Back in 1995, I used to offer to dub tapes for people for blanks and postage if they read or skimmed an RMP post of mine this far, and sent me a thoughtful request for the tapes they wanted to obtain. It’s nearly 2021, and even though I mailed two (2) analog cassette tapes to Charlie Miller only last week for digital transfer of a ZERO show (that he somehow didn’t have) (!), tapes are uh not in high demand these days. But I’m informed and believe that “compact discs” are still listened to by some people. So, inspired by the Phish, I am giving away hundreds of Phish CDs (and will ship them at my own expense), including LivePhish official releases, boxed set(s), and discs I was sent by dozens of generous fans 15+ years ago that have only a date and set number scribbled on them. Just email me a polite request and include suggested shows or releases or time periods etc. etc., particularly if you were born in or after 1995 (or if you would like to get CDs for a new/newish fan who will really listen to them). This is also an experiment to see if there in fact are people who still listen to CDs, given that in this day and age one can stream everything Phishy that circulates online, whether via LivePhish or Relisten or phish.in.
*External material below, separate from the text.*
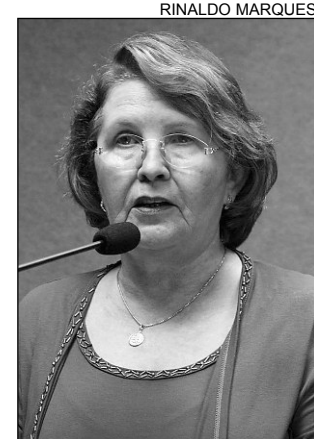
JACILDA - Buracos

QUALIDADE - A interrupção das obras, entre o Centro de Atenção Integral à Criança (Caic) e o cruzamento da Perimetral Norte, sob a justificativa de ser preciso material mais resistente, também foi citada. “Será que estamos diante de mais uma ação encaminhada de qualquer jei-

We are immensely fortunate to be Phish fans, and I am proud of our community for raising over $1.85 million this year for charitable causes nationwide. Thank you Phish for continuing to inspire us, continuing to “be there” for us, and continuing to care about our welfare during this demoralizing year. We love you! See you at a show in 4.0. -two cents

© 1995 PHISH (Late Fall 1995 Doniac Schvice letters/final page)
© 1995 PHISH (Late Fall 1995 Doniac Schvice letters/final page)

p.s. Since this is a thing one can easily do now, listen here for Page teasing the heck out of "Dave's Energy Guide" during 12/31/95's Mike's Song for several measures. And if you never knew when the "second jam in Mike's Song" started within the song's structure, you know now.